(Records from a data collection)
-------------------------
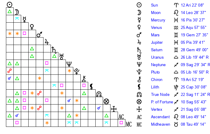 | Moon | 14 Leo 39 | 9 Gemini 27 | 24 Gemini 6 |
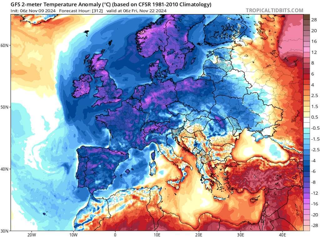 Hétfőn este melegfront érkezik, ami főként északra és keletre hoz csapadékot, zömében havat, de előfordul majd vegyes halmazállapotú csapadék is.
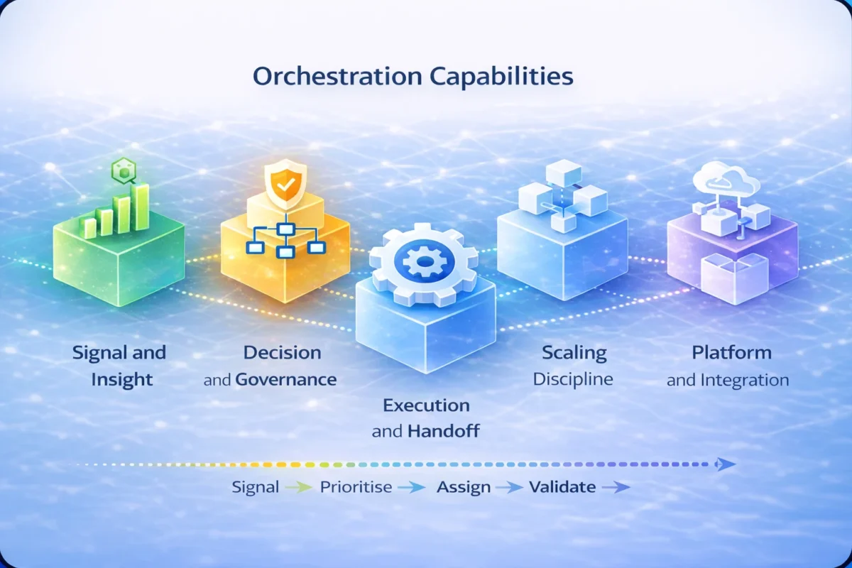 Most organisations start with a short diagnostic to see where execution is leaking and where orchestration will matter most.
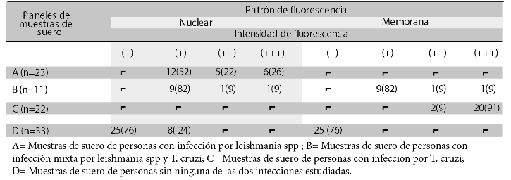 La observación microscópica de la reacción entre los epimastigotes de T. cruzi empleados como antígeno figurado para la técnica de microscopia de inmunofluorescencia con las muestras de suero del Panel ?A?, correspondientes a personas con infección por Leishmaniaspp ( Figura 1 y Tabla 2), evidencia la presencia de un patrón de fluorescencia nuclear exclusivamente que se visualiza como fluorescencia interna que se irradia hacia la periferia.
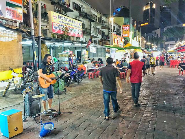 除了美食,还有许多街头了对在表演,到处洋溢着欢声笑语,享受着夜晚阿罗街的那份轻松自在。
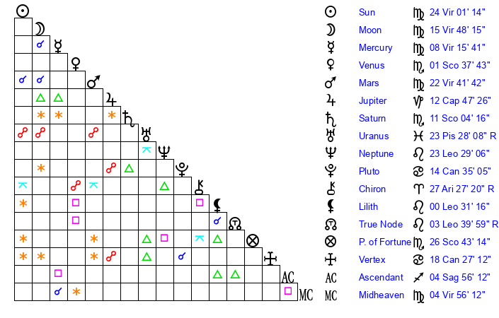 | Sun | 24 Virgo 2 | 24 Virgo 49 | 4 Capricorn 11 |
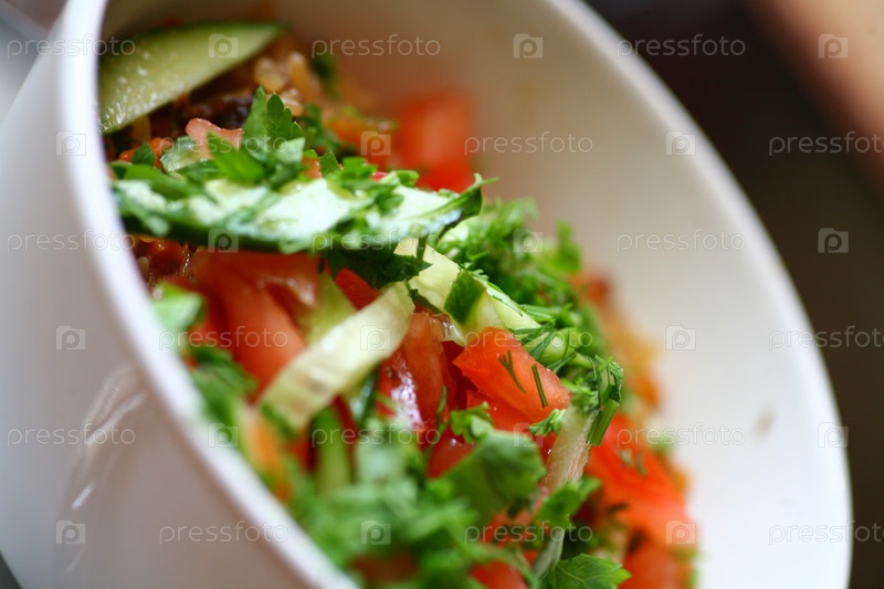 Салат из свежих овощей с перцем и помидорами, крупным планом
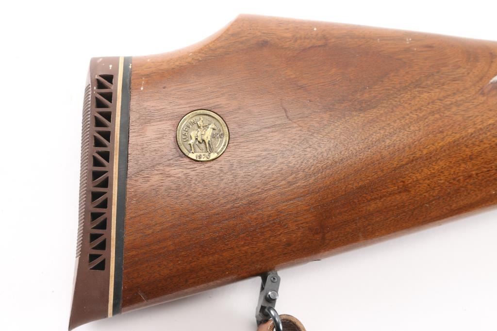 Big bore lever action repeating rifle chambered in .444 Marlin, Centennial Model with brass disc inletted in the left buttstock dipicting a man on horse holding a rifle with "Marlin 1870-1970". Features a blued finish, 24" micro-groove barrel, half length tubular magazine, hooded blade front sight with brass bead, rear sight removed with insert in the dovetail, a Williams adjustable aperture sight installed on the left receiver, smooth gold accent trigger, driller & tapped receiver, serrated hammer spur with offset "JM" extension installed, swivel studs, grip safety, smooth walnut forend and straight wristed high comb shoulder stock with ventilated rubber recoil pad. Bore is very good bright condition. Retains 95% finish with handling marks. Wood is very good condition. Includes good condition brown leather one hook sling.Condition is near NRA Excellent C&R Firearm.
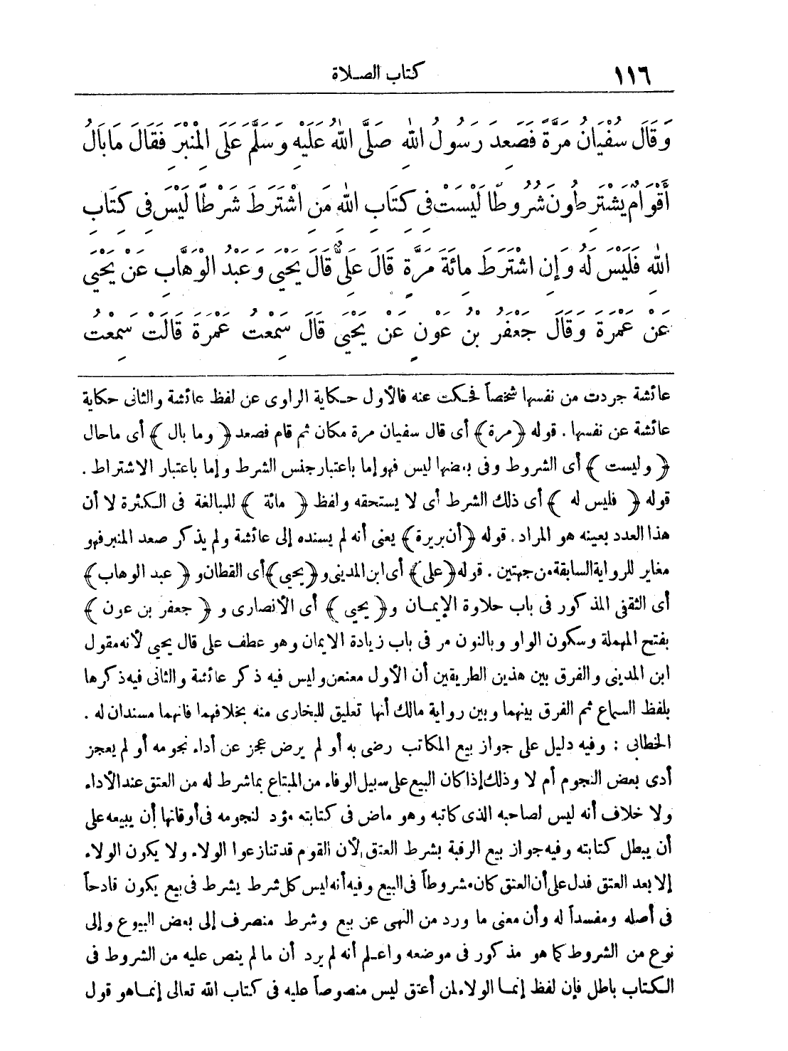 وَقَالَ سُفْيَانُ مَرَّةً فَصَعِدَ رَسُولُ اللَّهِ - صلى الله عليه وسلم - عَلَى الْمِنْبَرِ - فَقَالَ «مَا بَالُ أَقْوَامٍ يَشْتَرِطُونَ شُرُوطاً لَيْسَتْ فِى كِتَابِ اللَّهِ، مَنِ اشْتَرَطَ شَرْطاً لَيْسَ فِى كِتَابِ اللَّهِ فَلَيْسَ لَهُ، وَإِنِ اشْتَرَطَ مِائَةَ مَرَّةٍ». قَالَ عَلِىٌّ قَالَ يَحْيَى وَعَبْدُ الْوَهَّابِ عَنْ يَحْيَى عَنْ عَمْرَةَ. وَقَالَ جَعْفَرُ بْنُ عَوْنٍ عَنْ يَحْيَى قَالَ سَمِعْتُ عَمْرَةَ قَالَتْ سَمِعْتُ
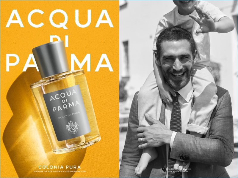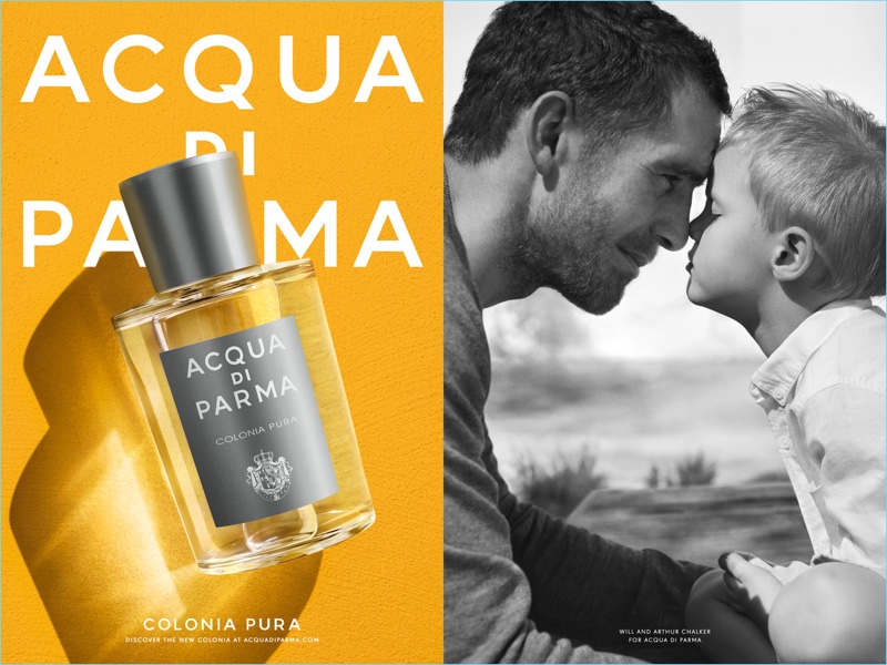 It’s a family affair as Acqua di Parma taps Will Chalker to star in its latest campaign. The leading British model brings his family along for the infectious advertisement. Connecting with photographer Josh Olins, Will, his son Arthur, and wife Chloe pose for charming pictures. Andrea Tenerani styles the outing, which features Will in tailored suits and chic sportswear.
-------------------------
Line for line, output the entries above from the line with "Capricorn 11 |" to the line with "Салат из свежих", both included, and nothing more. Skip pictures.

 | Sun | 24 Virgo 2 | 24 Virgo 49 | 4 Capricorn 11 |
 Салат из свежих овощей с перцем и помидорами, крупным планом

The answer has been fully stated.